Work instruction. With the pictures omitted, transcribe each line below exactly as it is.
↓
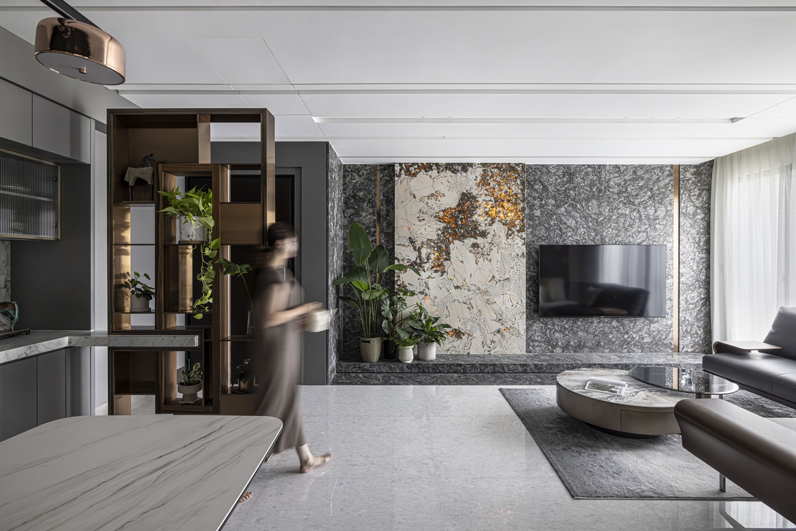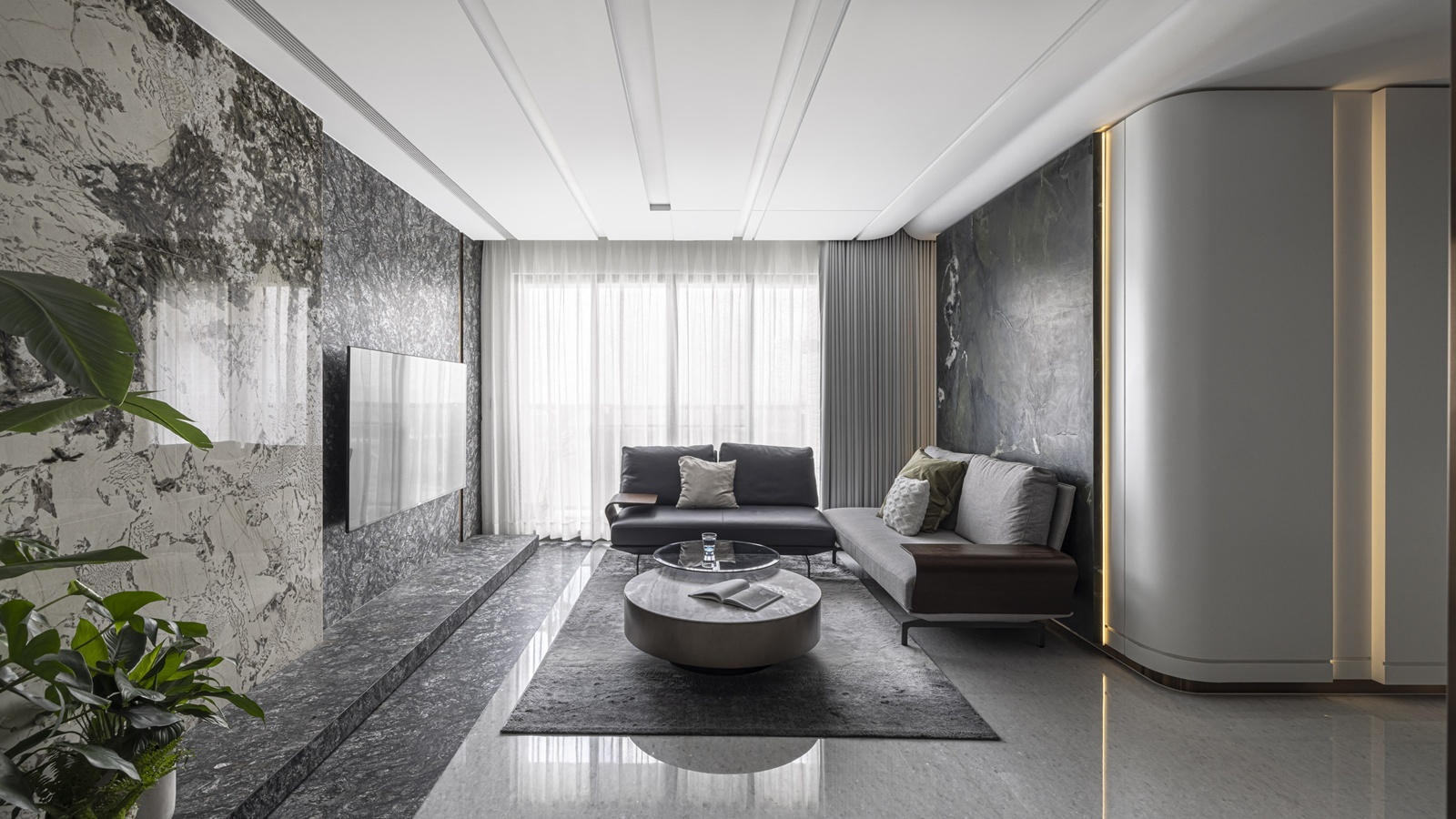 本案為33坪(109 square meters)住宅規劃案。為提升整體的質感與舒適度,團隊特別著重光線的引導和材料的應用。從採取無隔間設計、圓弧元素,再到運用多種石紋材料,不僅能使空間動線寬闊、流暢,還能形塑出簡潔俐落又蘊含層次的視覺意象,為居者創造兼具機能、美學的生活環境。
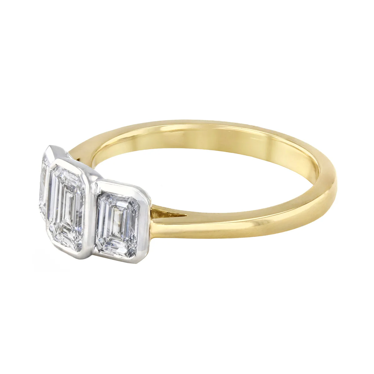 Everyday Diamonds Collection 1.60ct Lab Grown Emerald Cut Bezel Set Three Stone Ring | 9K Bi-Metal
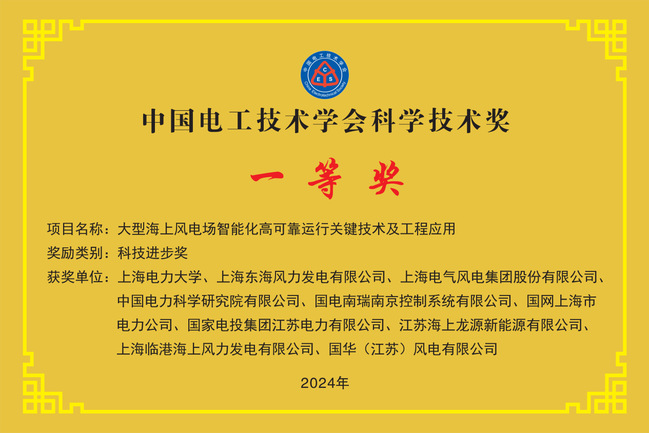 4月19日,2024年度中国电工技术学会科学技术奖颁奖大会在北京隆重召开。我校海上风电研究院牵头、符杨教授为第一完成人的“大型海上风电场智能化高可靠运行关键技术及工程应用”成果获中国电工技术学会科技进步一等奖。这是我校中国电工技术学会科技奖的首次重大突破,也是我校海上风电技术教育部工程中心、上海市高水平创新团队建设的重要成果。
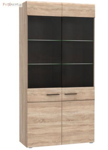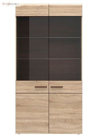 Витрина высокая 2W из коллекции модульной мебели Соло украинской фабрики VMV. Широкая витрина имеет две дверки, за которыми полочки. Прозрачное стекло и полочки из закаленного стекла выгодно подчеркнут содержимое витрины и придадут интерьеру гостиной более изысканный вид. Главной особенностью являются теплый цвет, простые геометрический формы, закругленные края и декоративные вставки в цвете венге, разделяющие фасад на отдельные блоки. Фасад дверок украшают длинные прямоугольные ручки.
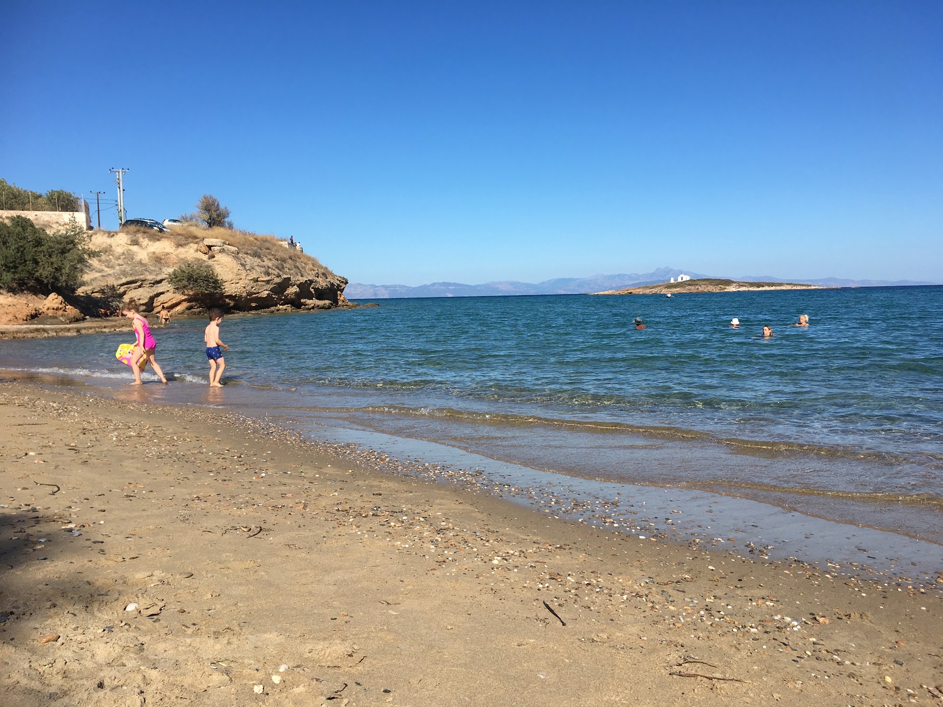 Read moreΗ παραλία είναι μόνο με άμμο και χωρίζεται σε δυο μέρη. Το πρώτο είναι το μικρότερο και αυτό που βλέπει κανείς φθάνοντας από τον δρόμο πίσω της. Στο αριστερό της τμήμα υπάρχουν 2-3 μικροί κόλποι κάπως απόμεροι, χωρίς ίχνος φυσικά σκιάς όπως και σε όλο το υπόλοιπο τμήμα, μέχρι το κομμάτι μπροστά από το ξενοδοχείο όπου υπάρχουν ομπρέλες. Είναι αρκετά καθαρή, ακόμη και τις ημέρες αιχμής. Στα συν ότι είναι αρκετά καλυμένη στους βοριάδες, όμως όταν φυσήξει λόγω του ότι δεν έχει βότσαλα αλλά άμμο (θα) προκύπτει μεγάλο πρόβλημα. Επίσης έχει ωραία θέα και αξίζει μια επίσκεψη κυρίως τις απογευματινές-βραδυνές ώρες. Το τελευταίο κομμάτι πρόσβασης είναι χωματόδρομος με αρκετή κλίση και αναλόγως την εποχή και το τι έχει προηγηθεί από καιρικά φαινόμενα (ακόμη και μήνες πριν)επηρεάζεται η κατάσταση του δρόμου. Αυτοκίνητα με χαμηλό ύψος ανάρτησης δύσκολα δεν θα βρούνε (στις πέτρες) και καλύτερα να παρκάρουν στο ασφάλτινο κομμάτι πριν αρχίσει η...
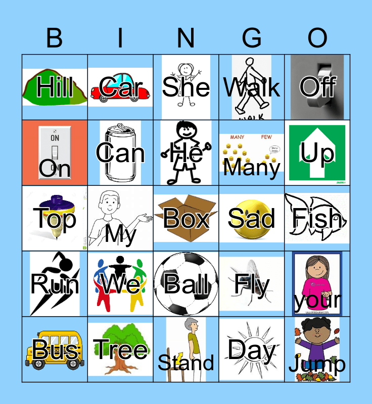 This bingo card has 34 images, a free space and 34 words: See, Day, Night, Down, Run, Can, Off, Bus, Car, Go, He, She, Sit, Hop, Sad, Up, Tree, Top, We, Fly, Ball, Fox, Hill, Fish, Stand, Jump, Walk, Cut, Many, On, No, My, your and One.
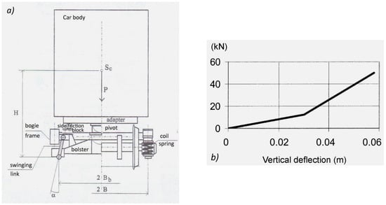 Primary suspension of the bogie: (a) scheme of wheelset axle guidance in the bogie frame; (b) vertical stiffness characteristics of suspension.
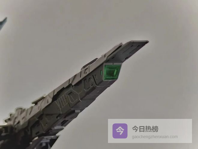 还有一个特殊玩法就是妖天使的小臂外甲可以张开,露出其中隐藏的四门小口径GN粒子加农炮。边上的细节依然丰富,还做了一条GN粒子传送带的特效件。值得一提的是这款产品的所有透明件下面都附带了银色贴纸,以增强透明件的亮度。
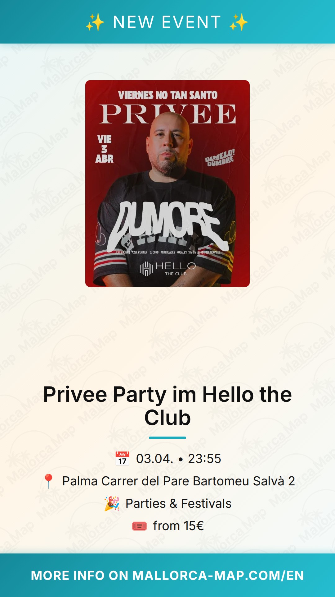 Get ready for an electrifying Friday night in the heart of Palma. On April 3, 2026, Hello the Club transforms into the epicenter of nightlife with the exclusive Privee Party. If you are looking for the perfect way to kick off your weekend, this is the place to be. With a lineup that promises to keep the dance floor packed until the early morning hours, you will experience the best of Palma's vibrant clubbing scene.
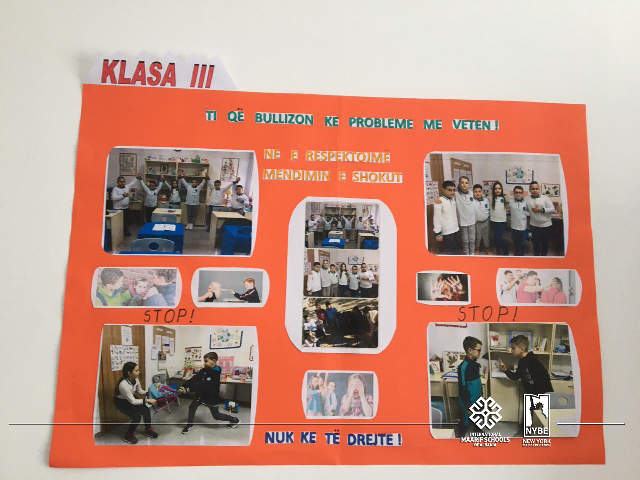 Në kuadër të strategjisë “STOP BULLIZMIT”, psikologia e shkollës Ana Vrapi në bashkëpunim me Drejtorinë e shkollës në New York Basic Education, qeverinë e nxënësve dhe mësuesit kujdestar, organizuan aktivitetitin me klasën e 3-të, 4-të dhe të 5-të. Klasat ishin në konkurim me njëra-tjetrën për posterin dhe performancën më të mirë.
↑
Response.
 本案為33坪(109 square meters)住宅規劃案。為提升整體的質感與舒適度,團隊特別著重光線的引導和材料的應用。從採取無隔間設計、圓弧元素,再到運用多種石紋材料,不僅能使空間動線寬闊、流暢,還能形塑出簡潔俐落又蘊含層次的視覺意象,為居者創造兼具機能、美學的生活環境。
 Everyday Diamonds Collection 1.60ct Lab Grown Emerald Cut Bezel Set Three Stone Ring | 9K Bi-Metal
 4月19日,2024年度中国电工技术学会科学技术奖颁奖大会在北京隆重召开。我校海上风电研究院牵头、符杨教授为第一完成人的“大型海上风电场智能化高可靠运行关键技术及工程应用”成果获中国电工技术学会科技进步一等奖。这是我校中国电工技术学会科技奖的首次重大突破,也是我校海上风电技术教育部工程中心、上海市高水平创新团队建设的重要成果。
 Витрина высокая 2W из коллекции модульной мебели Соло украинской фабрики VMV. Широкая витрина имеет две дверки, за которыми полочки. Прозрачное стекло и полочки из закаленного стекла выгодно подчеркнут содержимое витрины и придадут интерьеру гостиной более изысканный вид. Главной особенностью являются теплый цвет, простые геометрический формы, закругленные края и декоративные вставки в цвете венге, разделяющие фасад на отдельные блоки. Фасад дверок украшают длинные прямоугольные ручки.
 Read moreΗ παραλία είναι μόνο με άμμο και χωρίζεται σε δυο μέρη. Το πρώτο είναι το μικρότερο και αυτό που βλέπει κανείς φθάνοντας από τον δρόμο πίσω της. Στο αριστερό της τμήμα υπάρχουν 2-3 μικροί κόλποι κάπως απόμεροι, χωρίς ίχνος φυσικά σκιάς όπως και σε όλο το υπόλοιπο τμήμα, μέχρι το κομμάτι μπροστά από το ξενοδοχείο όπου υπάρχουν ομπρέλες. Είναι αρκετά καθαρή, ακόμη και τις ημέρες αιχμής. Στα συν ότι είναι αρκετά καλυμένη στους βοριάδες, όμως όταν φυσήξει λόγω του ότι δεν έχει βότσαλα αλλά άμμο (θα) προκύπτει μεγάλο πρόβλημα. Επίσης έχει ωραία θέα και αξίζει μια επίσκεψη κυρίως τις απογευματινές-βραδυνές ώρες. Το τελευταίο κομμάτι πρόσβασης είναι χωματόδρομος με αρκετή κλίση και αναλόγως την εποχή και το τι έχει προηγηθεί από καιρικά φαινόμενα (ακόμη και μήνες πριν)επηρεάζεται η κατάσταση του δρόμου. Αυτοκίνητα με χαμηλό ύψος ανάρτησης δύσκολα δεν θα βρούνε (στις πέτρες) και καλύτερα να παρκάρουν στο ασφάλτινο κομμάτι πριν αρχίσει η...
 This bingo card has 34 images, a free space and 34 words: See, Day, Night, Down, Run, Can, Off, Bus, Car, Go, He, She, Sit, Hop, Sad, Up, Tree, Top, We, Fly, Ball, Fox, Hill, Fish, Stand, Jump, Walk, Cut, Many, On, No, My, your and One.
 Primary suspension of the bogie: (a) scheme of wheelset axle guidance in the bogie frame; (b) vertical stiffness characteristics of suspension.
 还有一个特殊玩法就是妖天使的小臂外甲可以张开,露出其中隐藏的四门小口径GN粒子加农炮。边上的细节依然丰富,还做了一条GN粒子传送带的特效件。值得一提的是这款产品的所有透明件下面都附带了银色贴纸,以增强透明件的亮度。
 Get ready for an electrifying Friday night in the heart of Palma. On April 3, 2026, Hello the Club transforms into the epicenter of nightlife with the exclusive Privee Party. If you are looking for the perfect way to kick off your weekend, this is the place to be. With a lineup that promises to keep the dance floor packed until the early morning hours, you will experience the best of Palma's vibrant clubbing scene.
 Në kuadër të strategjisë “STOP BULLIZMIT”, psikologia e shkollës Ana Vrapi në bashkëpunim me Drejtorinë e shkollës në New York Basic Education, qeverinë e nxënësve dhe mësuesit kujdestar, organizuan aktivitetitin me klasën e 3-të, 4-të dhe të 5-të. Klasat ishin në konkurim me njëra-tjetrën për posterin dhe performancën më të mirë.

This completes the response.